- [The data]:
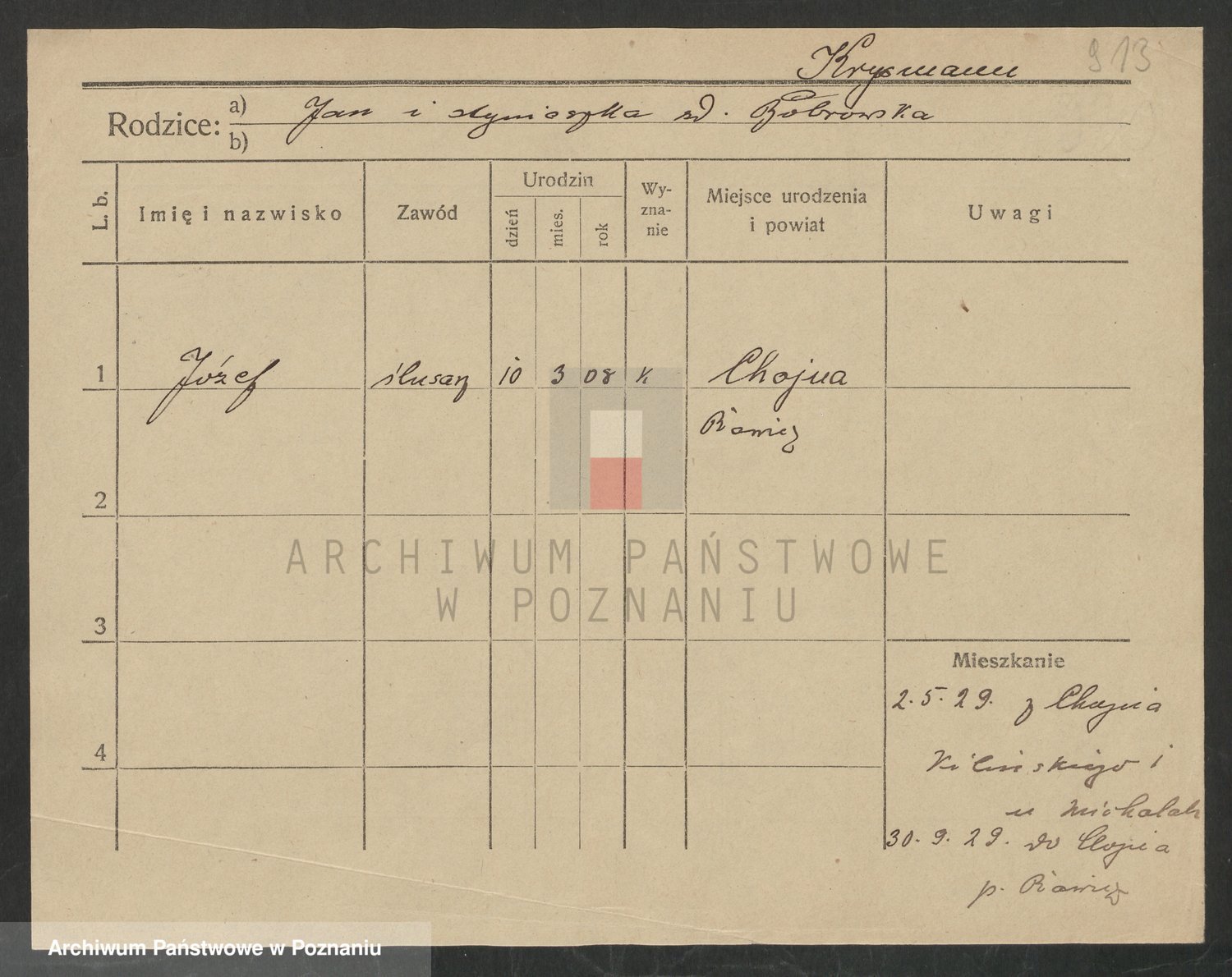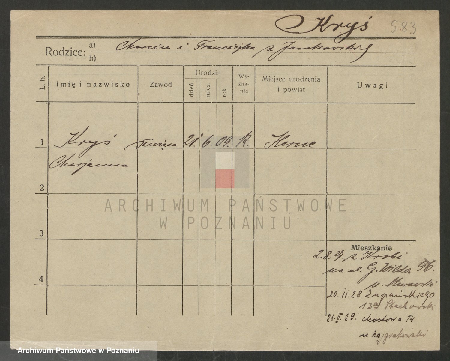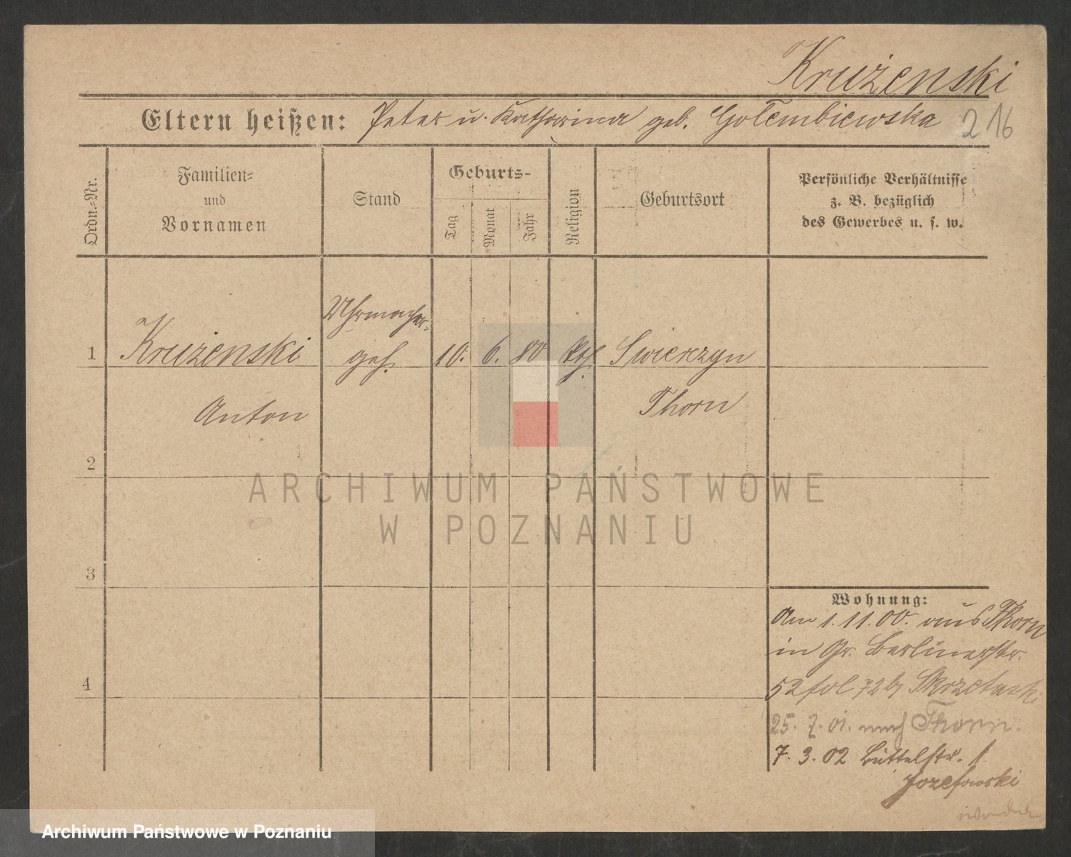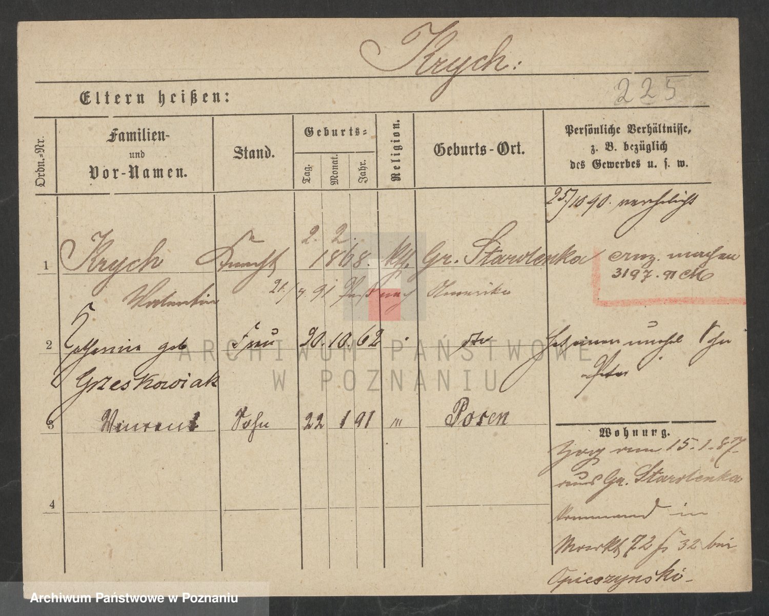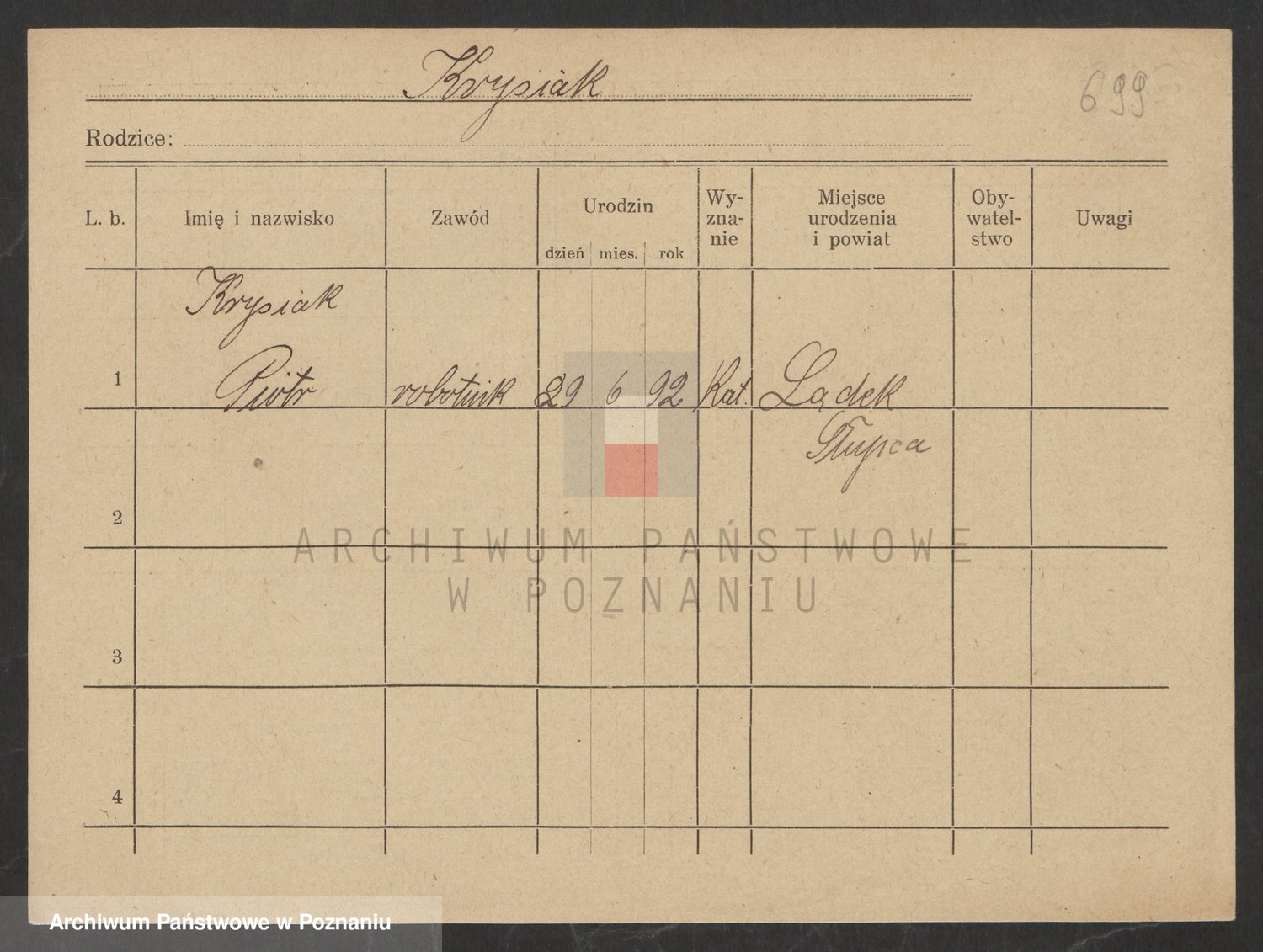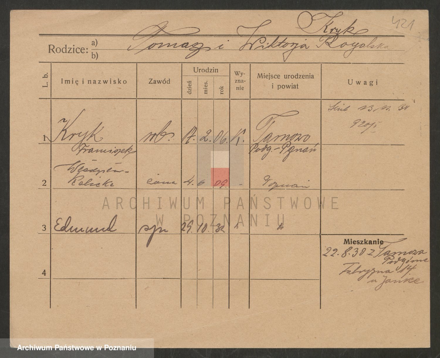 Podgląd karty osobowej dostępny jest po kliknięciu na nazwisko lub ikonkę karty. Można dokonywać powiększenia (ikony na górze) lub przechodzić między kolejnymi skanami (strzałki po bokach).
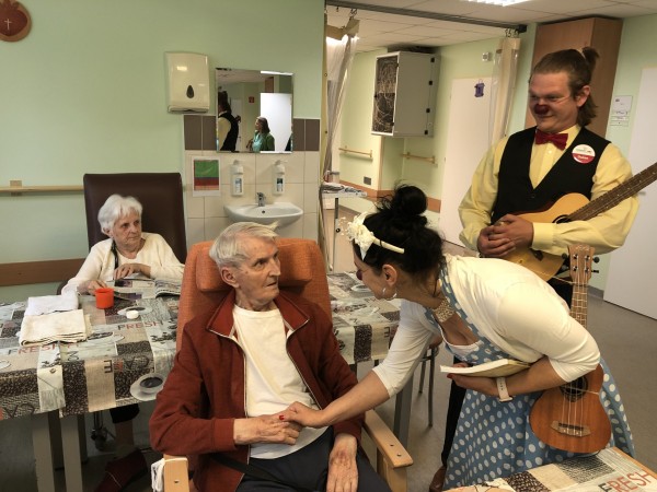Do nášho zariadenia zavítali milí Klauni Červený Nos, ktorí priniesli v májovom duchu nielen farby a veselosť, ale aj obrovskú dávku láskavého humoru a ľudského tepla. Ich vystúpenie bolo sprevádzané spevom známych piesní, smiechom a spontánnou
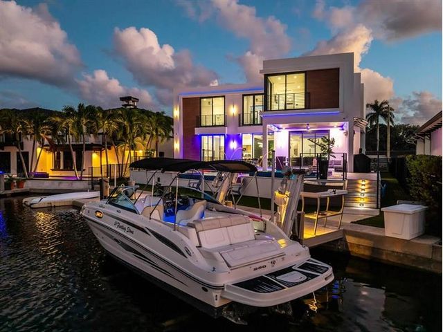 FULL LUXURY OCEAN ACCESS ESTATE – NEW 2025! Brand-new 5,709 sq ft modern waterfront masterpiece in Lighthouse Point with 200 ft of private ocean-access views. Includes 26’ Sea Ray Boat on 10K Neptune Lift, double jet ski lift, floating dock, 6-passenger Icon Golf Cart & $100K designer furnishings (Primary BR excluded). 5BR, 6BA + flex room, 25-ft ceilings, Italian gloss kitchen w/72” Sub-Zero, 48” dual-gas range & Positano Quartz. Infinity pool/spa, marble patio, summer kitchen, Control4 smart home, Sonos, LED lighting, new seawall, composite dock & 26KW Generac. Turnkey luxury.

- [About this exercise]: Leave every picture out, and transcribe the data above exactly as it reads.

- [Answer for this exercise]:
 Podgląd karty osobowej dostępny jest po kliknięciu na nazwisko lub ikonkę karty. Można dokonywać powiększenia (ikony na górze) lub przechodzić między kolejnymi skanami (strzałki po bokach).
Do nášho zariadenia zavítali milí Klauni Červený Nos, ktorí priniesli v májovom duchu nielen farby a veselosť, ale aj obrovskú dávku láskavého humoru a ľudského tepla. Ich vystúpenie bolo sprevádzané spevom známych piesní, smiechom a spontánnou
 FULL LUXURY OCEAN ACCESS ESTATE – NEW 2025! Brand-new 5,709 sq ft modern waterfront masterpiece in Lighthouse Point with 200 ft of private ocean-access views. Includes 26’ Sea Ray Boat on 10K Neptune Lift, double jet ski lift, floating dock, 6-passenger Icon Golf Cart & $100K designer furnishings (Primary BR excluded). 5BR, 6BA + flex room, 25-ft ceilings, Italian gloss kitchen w/72” Sub-Zero, 48” dual-gas range & Positano Quartz. Infinity pool/spa, marble patio, summer kitchen, Control4 smart home, Sonos, LED lighting, new seawall, composite dock & 26KW Generac. Turnkey luxury.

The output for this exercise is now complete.